### EXTRACTED DATA

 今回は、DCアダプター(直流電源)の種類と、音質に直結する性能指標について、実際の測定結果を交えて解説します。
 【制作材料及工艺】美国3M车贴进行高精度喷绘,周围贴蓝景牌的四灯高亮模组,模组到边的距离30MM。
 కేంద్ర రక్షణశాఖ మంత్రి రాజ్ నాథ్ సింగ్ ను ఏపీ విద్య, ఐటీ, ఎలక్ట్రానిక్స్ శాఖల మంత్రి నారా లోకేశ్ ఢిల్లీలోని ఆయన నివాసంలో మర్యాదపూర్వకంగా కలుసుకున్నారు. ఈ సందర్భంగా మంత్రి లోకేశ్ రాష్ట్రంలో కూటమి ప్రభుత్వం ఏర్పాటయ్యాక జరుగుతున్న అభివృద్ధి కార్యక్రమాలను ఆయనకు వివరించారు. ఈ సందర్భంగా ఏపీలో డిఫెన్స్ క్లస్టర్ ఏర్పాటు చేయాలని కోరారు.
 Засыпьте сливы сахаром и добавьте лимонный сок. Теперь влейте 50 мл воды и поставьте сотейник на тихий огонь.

######
### EXTRACTED DATA

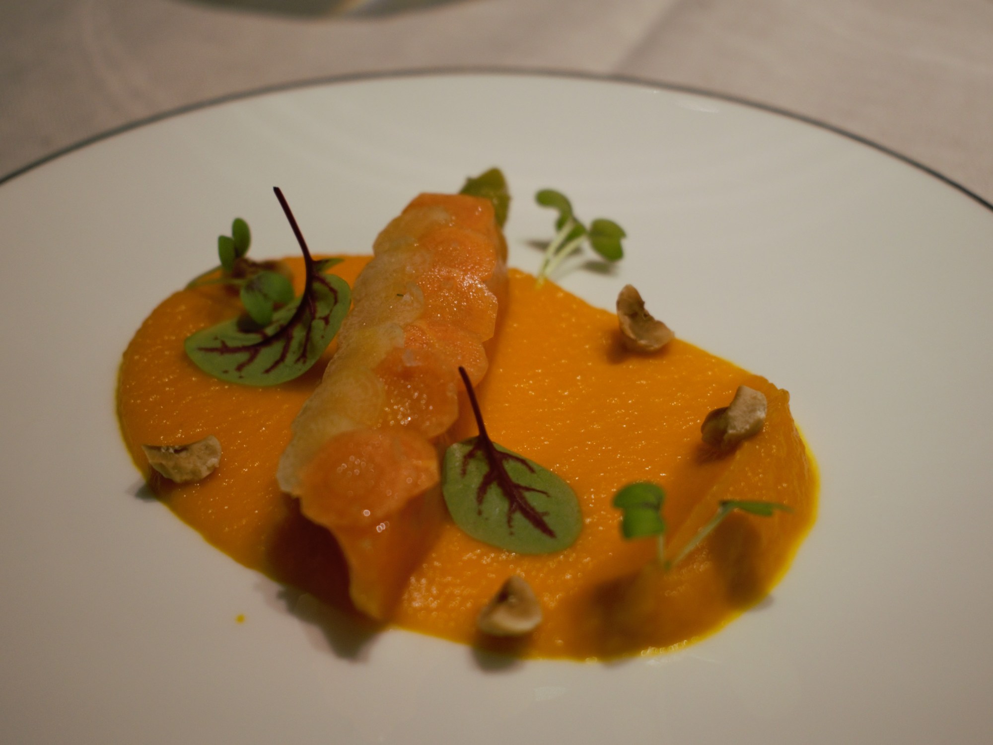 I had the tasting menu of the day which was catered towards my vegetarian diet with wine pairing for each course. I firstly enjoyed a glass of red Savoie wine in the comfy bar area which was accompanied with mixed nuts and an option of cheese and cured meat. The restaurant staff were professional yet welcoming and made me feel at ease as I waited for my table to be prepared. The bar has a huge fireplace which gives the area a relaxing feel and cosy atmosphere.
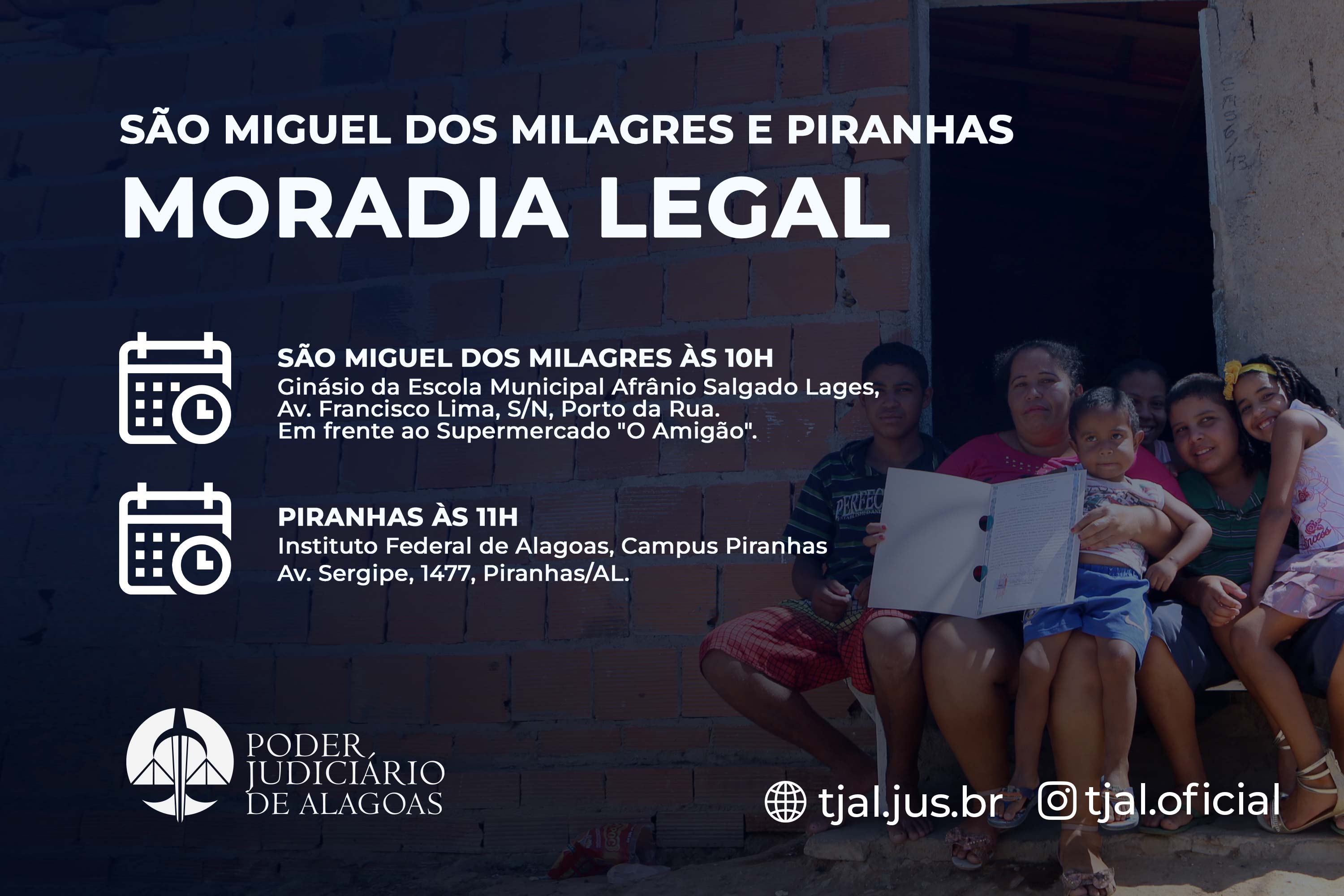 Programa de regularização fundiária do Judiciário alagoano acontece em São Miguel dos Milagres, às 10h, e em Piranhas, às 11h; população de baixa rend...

######

• _WHAT TO DO_:
Within the data above, the span starting at the line containing "今回は、DCアダプター(直流" and ending at the line containing "Засыпьте сливы сахаром" is to be retyped exactly, with no other lines.

• _WRITTEN ANSWER_:
 今回は、DCアダプター(直流電源)の種類と、音質に直結する性能指標について、実際の測定結果を交えて解説します。
 【制作材料及工艺】美国3M车贴进行高精度喷绘,周围贴蓝景牌的四灯高亮模组,模组到边的距离30MM。
 కేంద్ర రక్షణశాఖ మంత్రి రాజ్ నాథ్ సింగ్ ను ఏపీ విద్య, ఐటీ, ఎలక్ట్రానిక్స్ శాఖల మంత్రి నారా లోకేశ్ ఢిల్లీలోని ఆయన నివాసంలో మర్యాదపూర్వకంగా కలుసుకున్నారు. ఈ సందర్భంగా మంత్రి లోకేశ్ రాష్ట్రంలో కూటమి ప్రభుత్వం ఏర్పాటయ్యాక జరుగుతున్న అభివృద్ధి కార్యక్రమాలను ఆయనకు వివరించారు. ఈ సందర్భంగా ఏపీలో డిఫెన్స్ క్లస్టర్ ఏర్పాటు చేయాలని కోరారు.
 Засыпьте сливы сахаром и добавьте лимонный сок. Теперь влейте 50 мл воды и поставьте сотейник на тихий огонь.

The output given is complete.